Reproduce the entries word for word, and omit any picture you find in them.

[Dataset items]
= = =
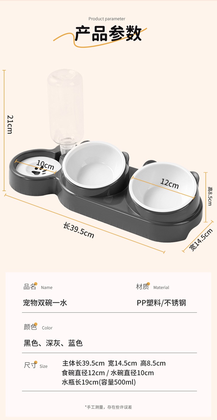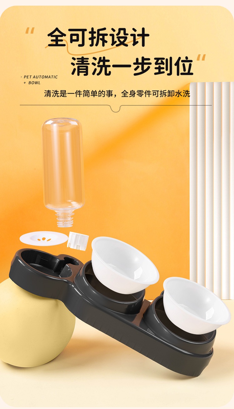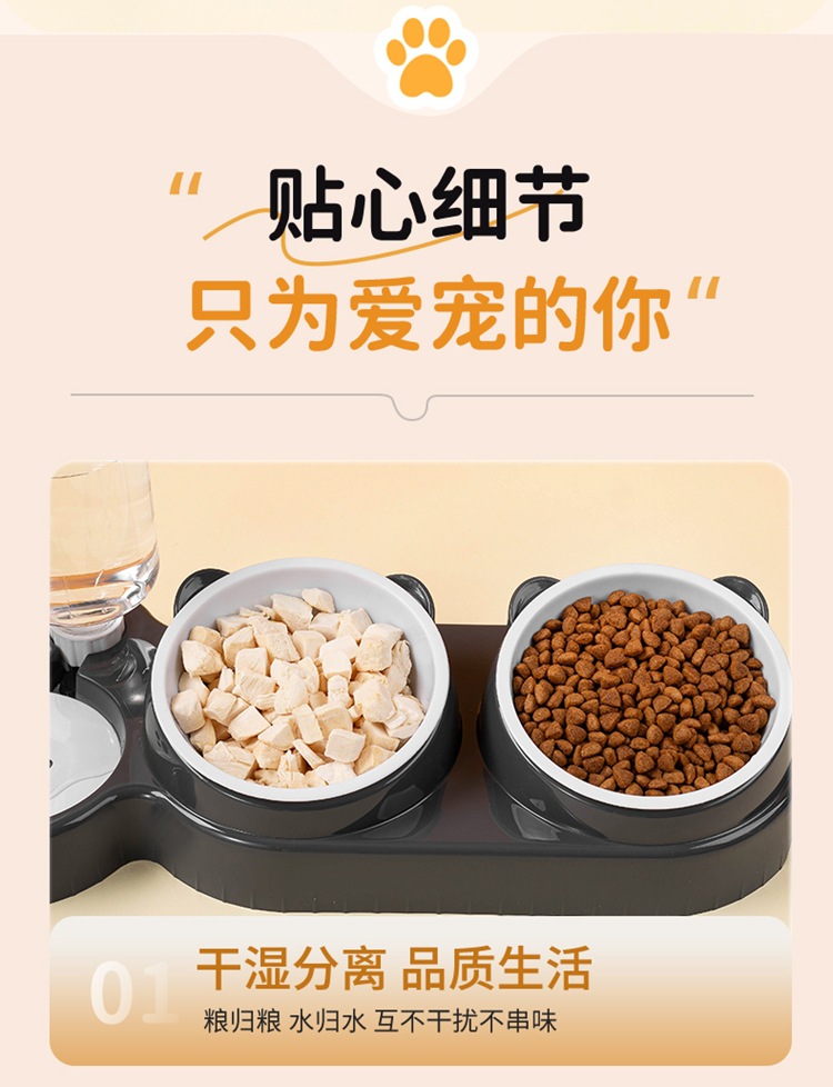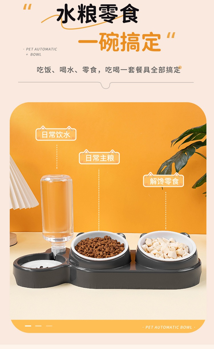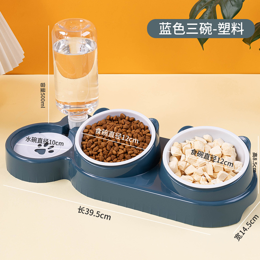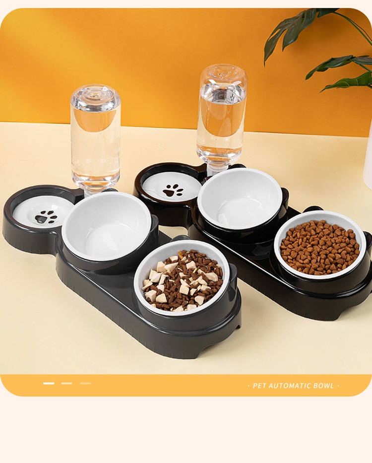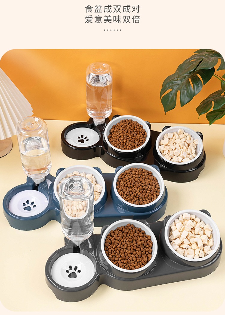 고양이 그릇 비스듬한 입 그릇 고양이 쌀 분지 더블 그릇 스테인리스 스틸 자동 물 리필 애완 동물 그릇 2-in -1 식수 피더
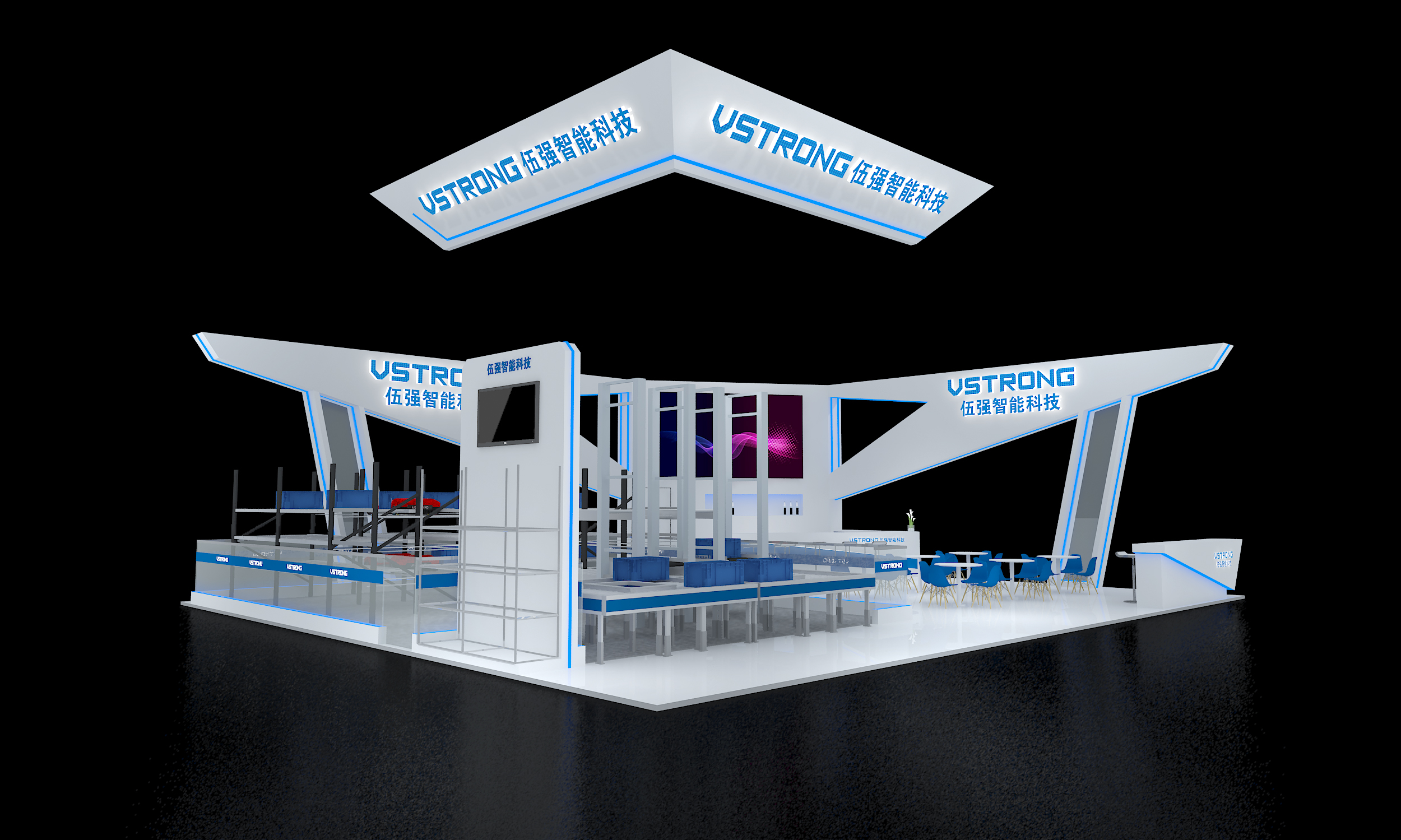伍強智能科技本次展出的“貨到人”揀選系統(tǒng)主要由密集存儲貨架、四向揀選車、高速提升機、智能揀選工作站、輸送系統(tǒng)及信息系統(tǒng)等構成。
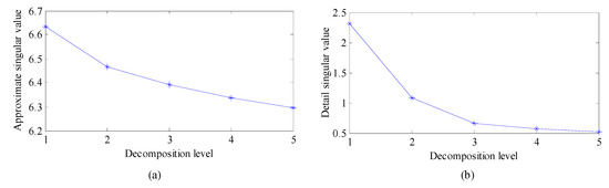 It is validated that MRSVD can effectively reduce the noise of the input signal with an increase in the decomposition level. The reason is that, in the Hankel matrix of Equation (4), the data of the 1st row correlates with the data of the 2nd row. Therefore, the energy is distributed mainly to the larger singular value. In contrast, the energy of the noise is distributed equably between the two singular values, that is, most of the noise energy is eliminated by decomposition. To further verify this property, the maximum detail singular values at each decomposition level are shown in Figure 11. It can be seen that energy of the noise is related to the detail coefficients. From Figure 11b, the decrease in singular values gradually slows down with the increase in decomposition level. This means that most of the noise energy is eliminated in each decomposition.
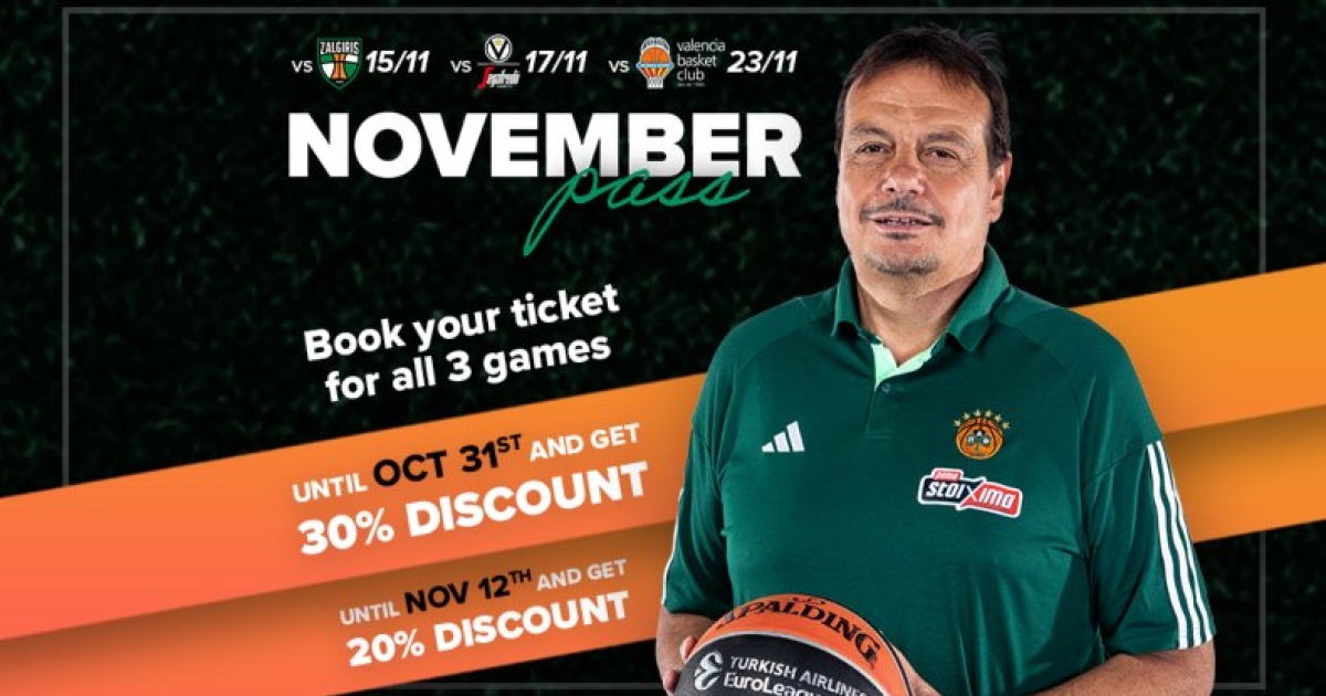 «Η ΚΑΕ Παναθηναϊκός ενημερώνει τους φιλάθλους της πως έθεσε σε κυκλοφορία το November Pass, το οποίο αφορά τις τρεις σημαντικές εντός έδρας αναμετρήσεις για την Euroleague που θα δώσει η ομάδα μας τον μήνα Νοέμβριο.
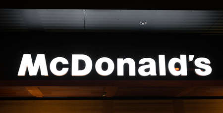 McDonalds restauraunt sign on the black background. McDonalds sell fast food such as hamburgers, french fries and drinks. A famous fast food restaurant in the world.
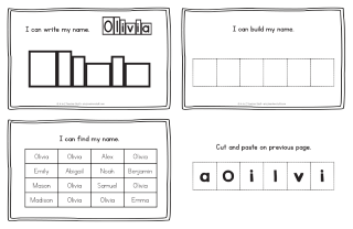Start with our printable ready-made name book with several pages for practicing name recognition and handwriting. Choose pages that work best for you or use them all. To assemble these books, print the page(s) you need and cut pages in half. Staple together and you’re all set!
= = =
▶ [Response]
 고양이 그릇 비스듬한 입 그릇 고양이 쌀 분지 더블 그릇 스테인리스 스틸 자동 물 리필 애완 동물 그릇 2-in -1 식수 피더
伍強智能科技本次展出的“貨到人”揀選系統(tǒng)主要由密集存儲貨架、四向揀選車、高速提升機、智能揀選工作站、輸送系統(tǒng)及信息系統(tǒng)等構成。
 It is validated that MRSVD can effectively reduce the noise of the input signal with an increase in the decomposition level. The reason is that, in the Hankel matrix of Equation (4), the data of the 1st row correlates with the data of the 2nd row. Therefore, the energy is distributed mainly to the larger singular value. In contrast, the energy of the noise is distributed equably between the two singular values, that is, most of the noise energy is eliminated by decomposition. To further verify this property, the maximum detail singular values at each decomposition level are shown in Figure 11. It can be seen that energy of the noise is related to the detail coefficients. From Figure 11b, the decrease in singular values gradually slows down with the increase in decomposition level. This means that most of the noise energy is eliminated in each decomposition.
 «Η ΚΑΕ Παναθηναϊκός ενημερώνει τους φιλάθλους της πως έθεσε σε κυκλοφορία το November Pass, το οποίο αφορά τις τρεις σημαντικές εντός έδρας αναμετρήσεις για την Euroleague που θα δώσει η ομάδα μας τον μήνα Νοέμβριο.
 McDonalds restauraunt sign on the black background. McDonalds sell fast food such as hamburgers, french fries and drinks. A famous fast food restaurant in the world.
Start with our printable ready-made name book with several pages for practicing name recognition and handwriting. Choose pages that work best for you or use them all. To assemble these books, print the page(s) you need and cut pages in half. Staple together and you’re all set!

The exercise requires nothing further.